The DERS-16 scores and sub-scores showed strong correlations with the Borderline Personality Questionnaire, thus indicating its convergent validity. As noted earlier, there is sufficient evidence that DERS scores are linked to many forms of psychopathology [82,83,84,85], including personality disorder [20]. In addition, ER difficulties have been shown to overlap with a range of behavioral problems that characterize people with borderline personality traits, such as substance use [19, 39, 86], deliberate self-harm [87], and risky sexual behavior [86, 88]. Overall, the high level of convergence between the BPQ and the DERS-16 demonstrate that the latter allows identifying aspects of ER difficulties that are relevant to borderline personality traits.

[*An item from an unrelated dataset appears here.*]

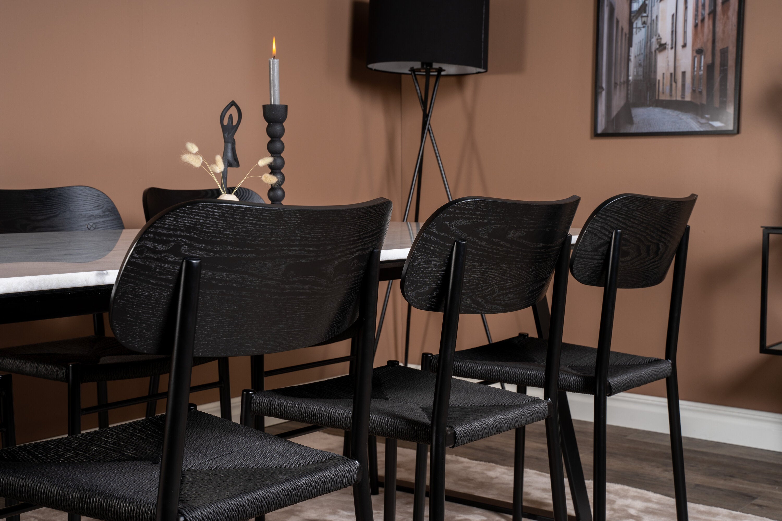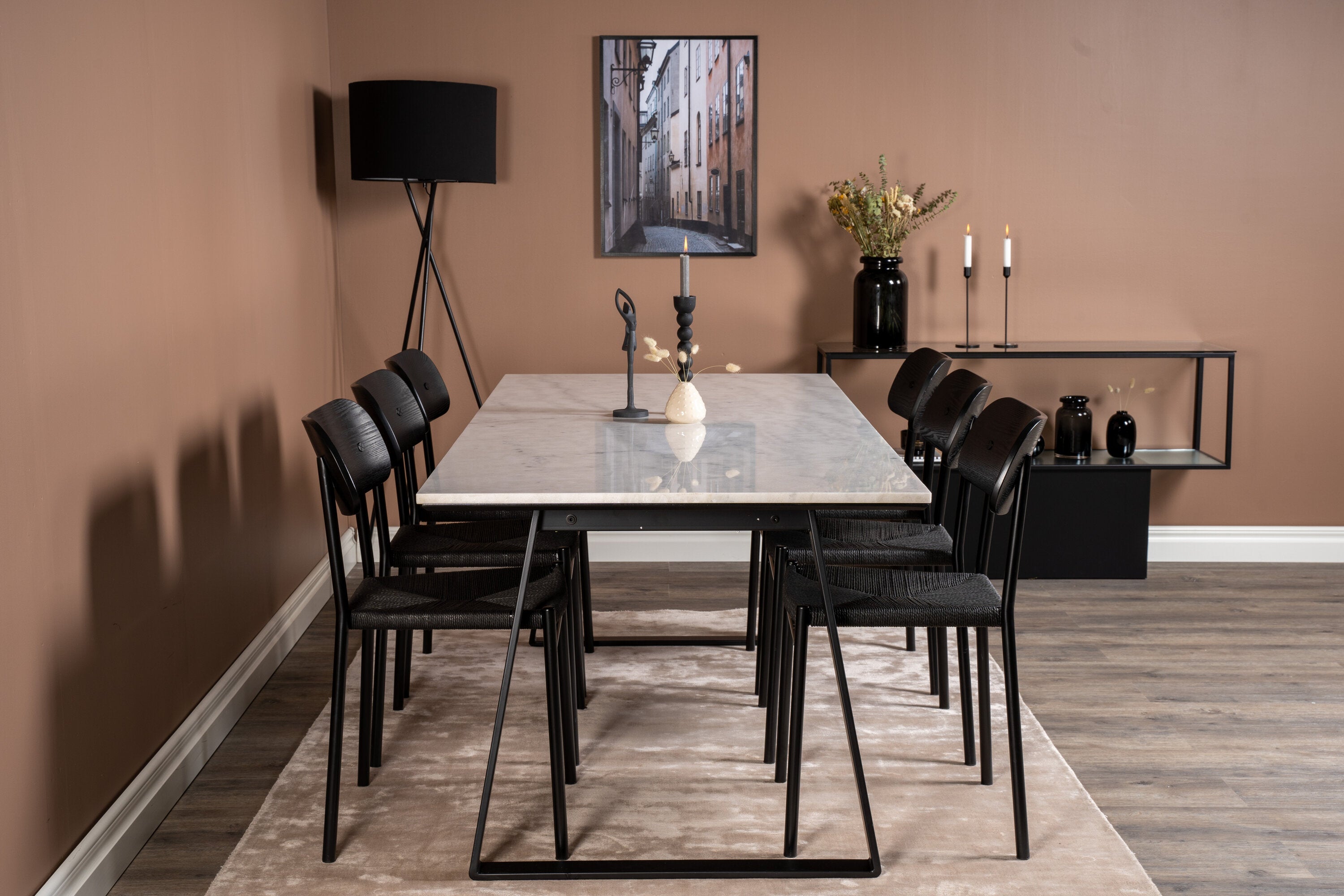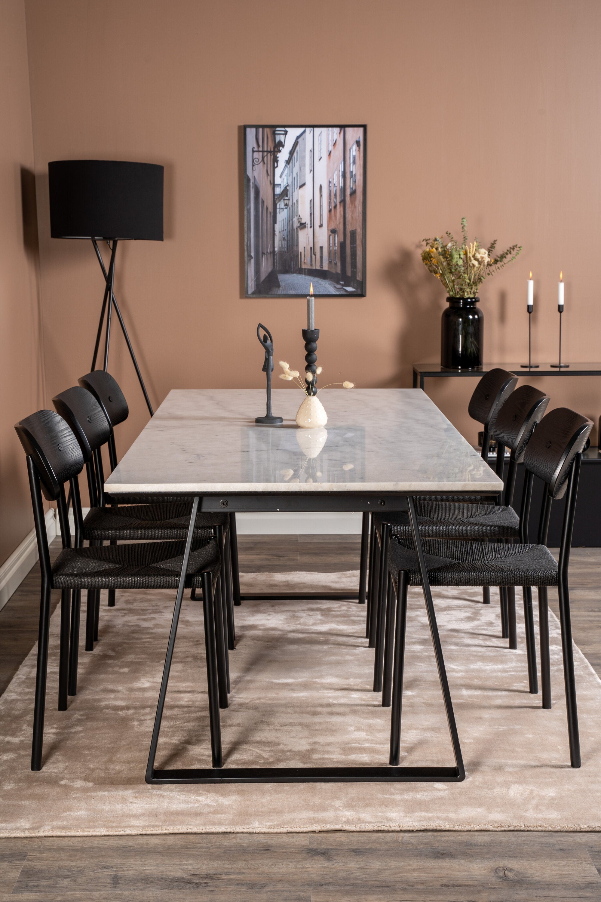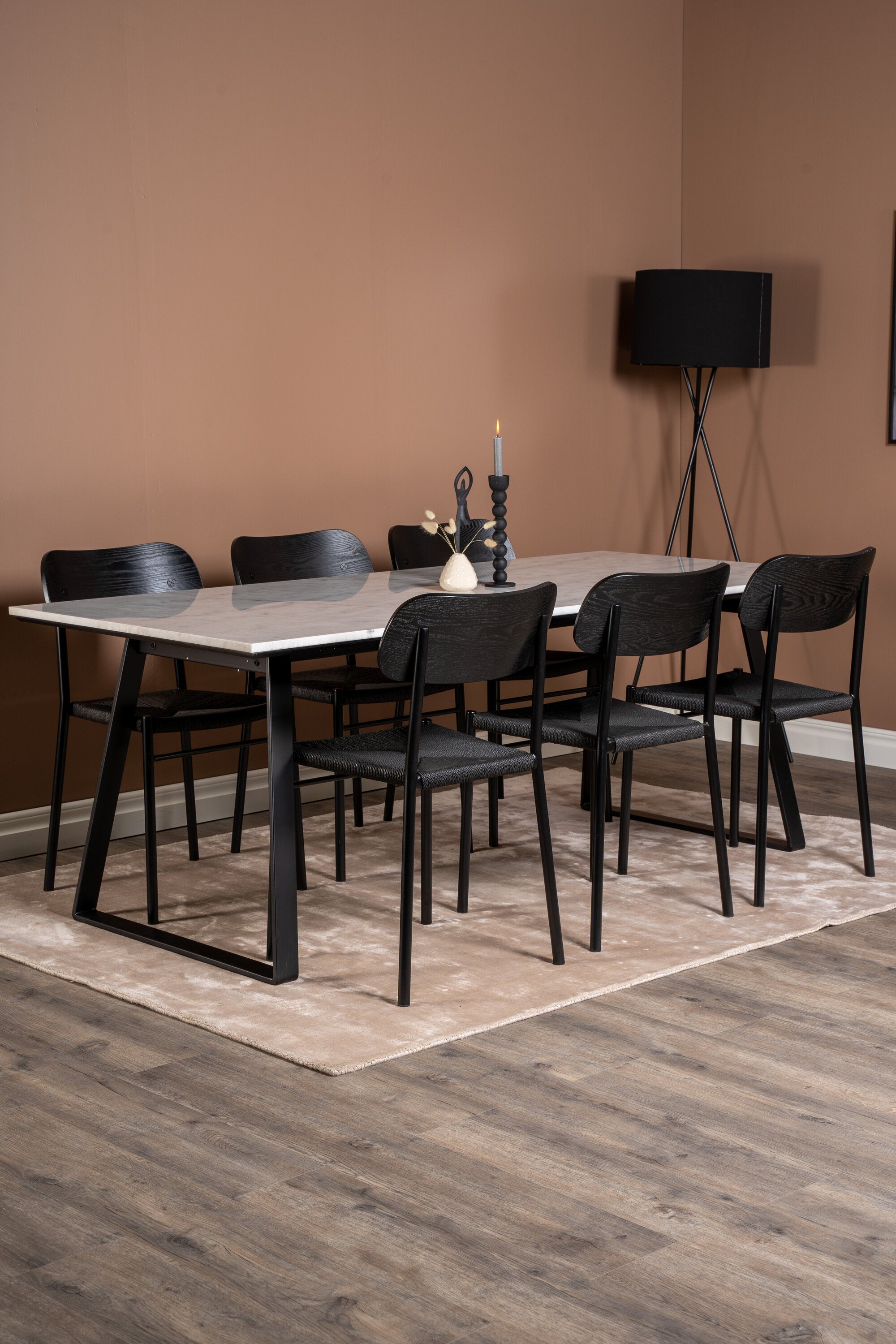 Estelle Jídelní stůl Stůl 200*90 Bílý mramor / Černé nohy + Jídelní židle Polly - Černá / Černá _6

These findings provide further support to the clinical utility of the DERS-16. These findings provide further support to the clinical utility of the DERS-16, and strengthens the evidence of its adequacy in clinical populations as a screening and monitoring measure [47].

Study limitations and research perspectives

This study has certain strengths that deserve to be highlighted, including the use of McDonald’s ω to examine internal consistency and the evaluation of gender invariance. We also extend previous research on the cross-cultural validity of the 16-item five-structure version of the DERS, by providing its Arabic validated translation. At the same time, our study has a number of limitations that need to be discussed. First, we only included community participants, thus limiting the generalization of our findings. Additional studies need to confirm the appropriateness of the use of the Arabic DERS-16 in clinical samples. Second, we used a cross-sectional design, which does not enable causal inference. Third, some psychometric properties of the Arabic DERS-16 (such as test-retest reliability and divergent validity) have not been assessed in the context of the present study, and need to be subject of future research. No cognitive criteria were taken into consideration while enrolling participants. Finally, Prior cross-cultural research has shown that ER strategies are present but used differently across various Arab countries and contexts [89], highlighting the need to further validate the DERS-16 in Arabic-speaking populations other than the Lebanese, to confirm its cross-cultural robustness.

Conclusion

The present findings have shown that the original five-factor structure of the DERS-16 based on English-speaking Western samples remains stable in our Lebanese Arabic-speaking sample and yielded strong factorial invariance across gender groups. In addition, results demonstrated the high validity and reliability of the scale, overall preliminarily suggesting that it is a promising measure for capturing clinically relevant ER difficulties in Arab settings. Making the Arabic version of the DERS-16 available will hopefully strengthen its utilization for clinical and research purposes to benefit the millions of Arabic-speaking people worldwide.